Description of the task: Transcribe every entry word for word, leaving out all images.

Data to use:
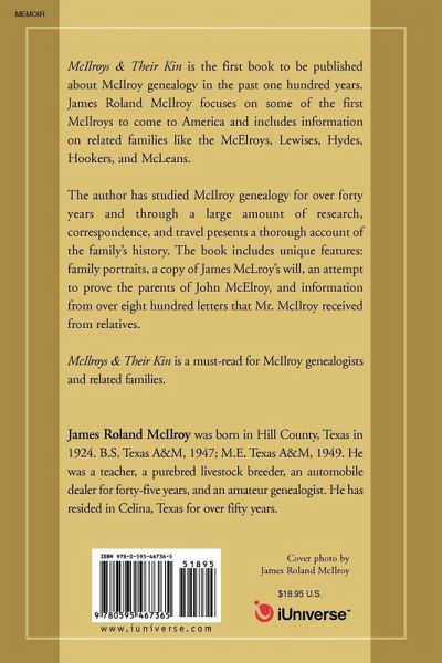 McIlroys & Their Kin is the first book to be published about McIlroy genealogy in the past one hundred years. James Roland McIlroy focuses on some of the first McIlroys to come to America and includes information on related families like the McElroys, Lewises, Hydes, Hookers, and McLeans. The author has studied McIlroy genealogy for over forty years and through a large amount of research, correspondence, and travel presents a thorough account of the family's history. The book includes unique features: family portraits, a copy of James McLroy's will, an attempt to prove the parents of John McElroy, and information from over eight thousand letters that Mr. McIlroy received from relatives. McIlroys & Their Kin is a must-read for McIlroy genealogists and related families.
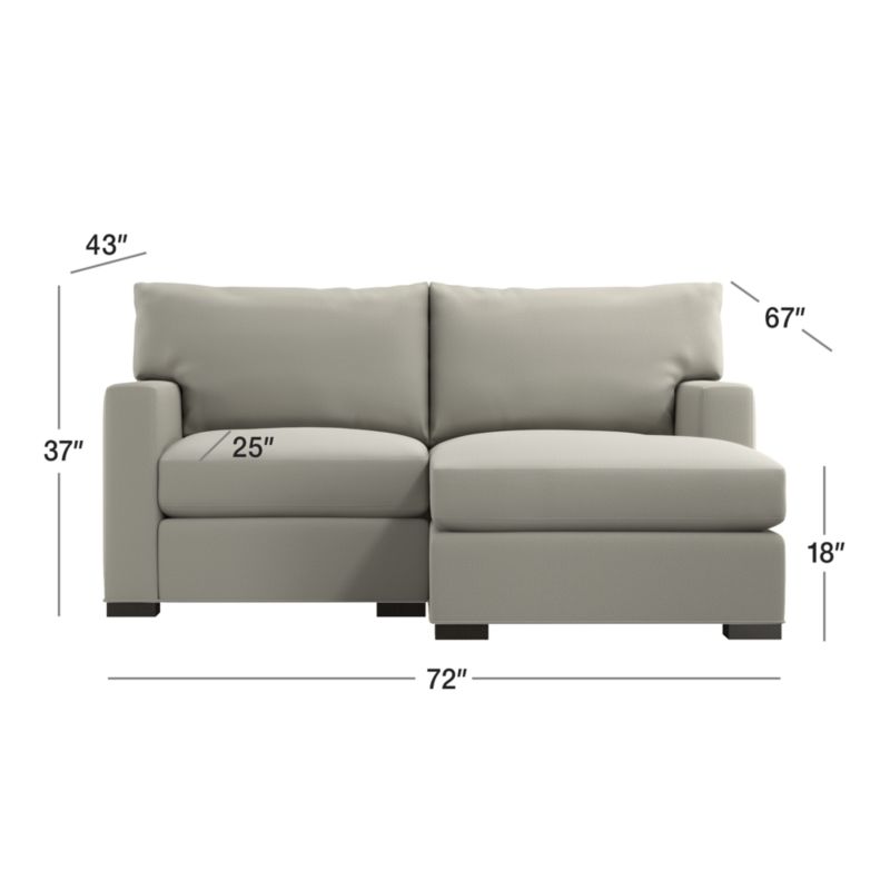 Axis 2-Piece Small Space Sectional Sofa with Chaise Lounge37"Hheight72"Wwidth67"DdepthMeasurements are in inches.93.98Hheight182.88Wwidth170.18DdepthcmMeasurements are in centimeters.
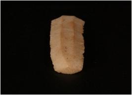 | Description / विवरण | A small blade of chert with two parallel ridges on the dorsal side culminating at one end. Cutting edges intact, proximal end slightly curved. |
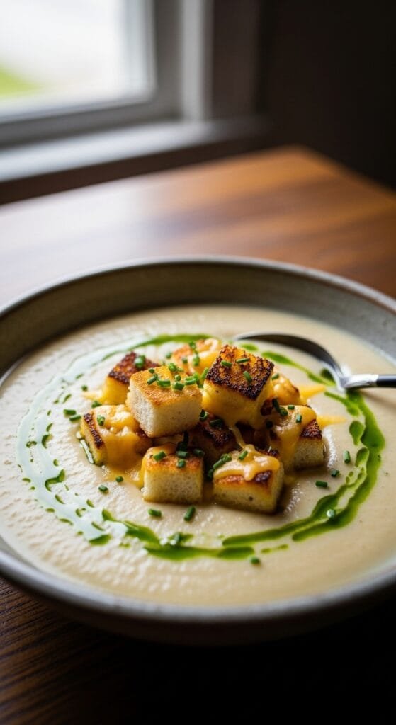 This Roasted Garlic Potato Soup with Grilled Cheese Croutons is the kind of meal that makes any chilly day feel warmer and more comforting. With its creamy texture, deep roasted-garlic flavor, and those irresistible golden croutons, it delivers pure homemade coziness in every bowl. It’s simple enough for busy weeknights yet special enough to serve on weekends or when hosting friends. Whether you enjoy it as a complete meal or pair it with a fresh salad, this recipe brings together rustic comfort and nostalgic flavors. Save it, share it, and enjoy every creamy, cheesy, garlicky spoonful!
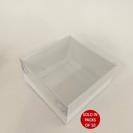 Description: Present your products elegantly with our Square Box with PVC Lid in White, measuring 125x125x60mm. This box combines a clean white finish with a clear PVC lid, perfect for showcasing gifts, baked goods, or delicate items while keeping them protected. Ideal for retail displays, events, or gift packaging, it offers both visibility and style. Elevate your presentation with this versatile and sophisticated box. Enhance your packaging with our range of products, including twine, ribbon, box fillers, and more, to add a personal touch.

Answer to this task:
 McIlroys & Their Kin is the first book to be published about McIlroy genealogy in the past one hundred years. James Roland McIlroy focuses on some of the first McIlroys to come to America and includes information on related families like the McElroys, Lewises, Hydes, Hookers, and McLeans. The author has studied McIlroy genealogy for over forty years and through a large amount of research, correspondence, and travel presents a thorough account of the family's history. The book includes unique features: family portraits, a copy of James McLroy's will, an attempt to prove the parents of John McElroy, and information from over eight thousand letters that Mr. McIlroy received from relatives. McIlroys & Their Kin is a must-read for McIlroy genealogists and related families.
 Axis 2-Piece Small Space Sectional Sofa with Chaise Lounge37"Hheight72"Wwidth67"DdepthMeasurements are in inches.93.98Hheight182.88Wwidth170.18DdepthcmMeasurements are in centimeters.
 | Description / विवरण | A small blade of chert with two parallel ridges on the dorsal side culminating at one end. Cutting edges intact, proximal end slightly curved. |
 This Roasted Garlic Potato Soup with Grilled Cheese Croutons is the kind of meal that makes any chilly day feel warmer and more comforting. With its creamy texture, deep roasted-garlic flavor, and those irresistible golden croutons, it delivers pure homemade coziness in every bowl. It’s simple enough for busy weeknights yet special enough to serve on weekends or when hosting friends. Whether you enjoy it as a complete meal or pair it with a fresh salad, this recipe brings together rustic comfort and nostalgic flavors. Save it, share it, and enjoy every creamy, cheesy, garlicky spoonful!
 Description: Present your products elegantly with our Square Box with PVC Lid in White, measuring 125x125x60mm. This box combines a clean white finish with a clear PVC lid, perfect for showcasing gifts, baked goods, or delicate items while keeping them protected. Ideal for retail displays, events, or gift packaging, it offers both visibility and style. Elevate your presentation with this versatile and sophisticated box. Enhance your packaging with our range of products, including twine, ribbon, box fillers, and more, to add a personal touch.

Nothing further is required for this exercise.